The request failed with the error message:
--
<html><head><title>501 Invalid Request</title></head><body>Invalid Request:
??</body>
--.
   at System.Web.Services.Protocols.SoapHttpClientProtocol.ReadResponse(SoapCli
entMessage message, WebResponse response, Stream responseStream, Boolean
asyncCall)


  • Running the Test-CsUnifiedContactStore cmdlet would pass/fail intermittently. (This was very frustrating!)
  • Tracing the error on the Lync side, through CLS or Debug Tools, confirmed the 501 "Invalid Request" that we were seeing in the Test-CsExchStorageConnectivity command.
  • Again, reviewing the System Message File on the Kemp confirmed the 501, but gave us an additional hint as it was labeling of traffic as "bad requests" coming from the Lync Front Ends (output below):

Oct  7 09:50:57 KEMP kernel: L7: badrequest-client_read [172.31.2.40:60898->172.16.16.86:443] (-501): <?xml ? , 0 [hlen 3118, nhdrs 9]
Oct  7 09:54:19 KEMP kernel: L7: badrequest-client_read [172.31.2.41:62471->172.16.16.86:443] (-501): <?xml ? , 0 [hlen 3082, nhdrs 9]
Oct  7 09:54:44 KEMP kernel: device eth0 entered promiscuous mode
Oct  7 09:56:46 KEMP kernel: device eth0 left promiscuous mode
Oct  7 09:57:23 KEMP kernel: device eth0 entered promiscuous mode
Oct  7 10:02:13 KEMP kernel: L7: badrequest-client_read [172.31.2.40:61198->172.16.16.86:443] (-501): <?xml ? , 0 [hlen 3074, nhdrs 9]
Oct  7 10:02:40 KEMP kernel: L7: Connection timed out (70.198.68.197:5663->192.168.151.86:443->172.16.16.80:443)[0] (connected)
Oct  7 10:04:31 KEMP kernel: L7: Connection timed out (172.31.2.40:61227->172.16.16.86:443-><nodest>)[0] (waiting for initial client request)
Oct  7 10:04:31 KEMP kernel: L7: Connection timed out (172.31.2.40:61229->172.16.16.86:443-><nodest>)[0] (waiting for initial client request)
Oct  7 10:04:31 KEMP kernel: L7: Connection timed out (172.31.2.40:61230->172.16.16.86:443-><nodest>)[0] (waiting for initial client request)
Oct  7 10:04:31 KEMP kernel: L7: Connection timed out (172.31.2.40:61228->172.16.16.86:443-><nodest>)[0] (waiting for initial client request)

Resolution

After a bit of troubleshooting, we narrowed the issue down to the Kemp Load Balancer.  We did this by changing the DNS records for EWS and Autodiscover to point directly to one of the Exchange 2013 CAS Proxy servers (we were running split roles on Exchange 2013).  Upon doing so, the UCS began working consistently.  We then placed a call to Kemp support.  Based on their suggestion, we updated the L7 Configuration 100-Continue Handling.
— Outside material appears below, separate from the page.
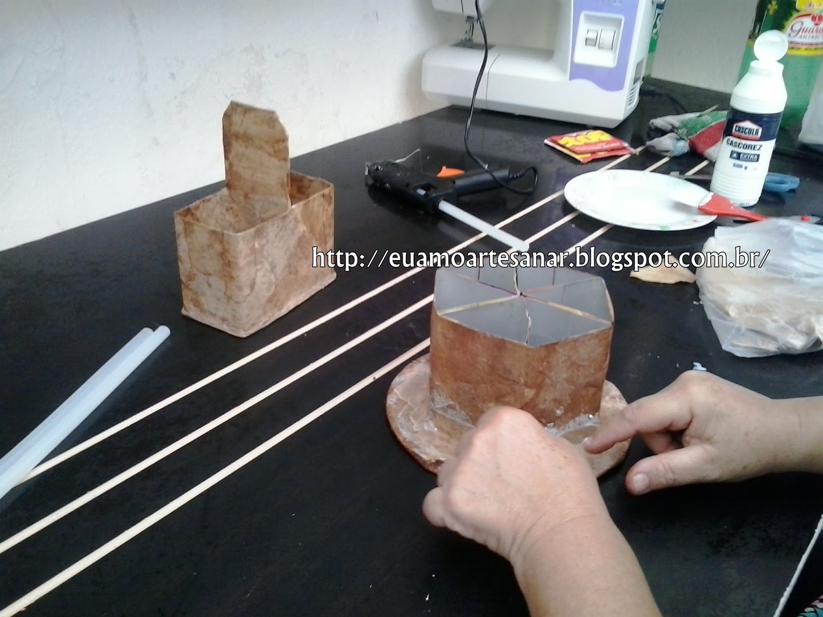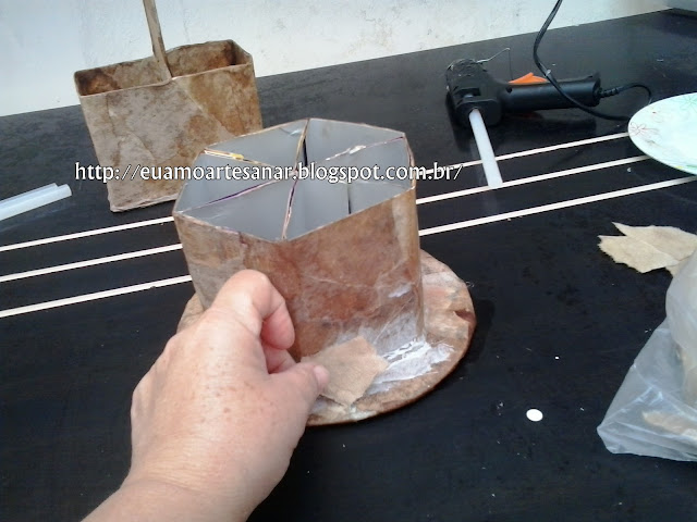 Depois passei novamente a mistura de cola com água e colei os filtros rasgados em pedacinhos pequenos para esconder a cola quenteEm toda a volta

If your Kemp is running a relatively recent version of the software, the 100-Continue Handling will be set to "Always Expect-100".  And though it isn't clear to me as to why this is the case, this prevents UCS from working.  Per support's suggestion, we updated this setting to "Ignore Continue-100".  Within a couple minutes, virtually everyone's contacts started migrating to the UCS!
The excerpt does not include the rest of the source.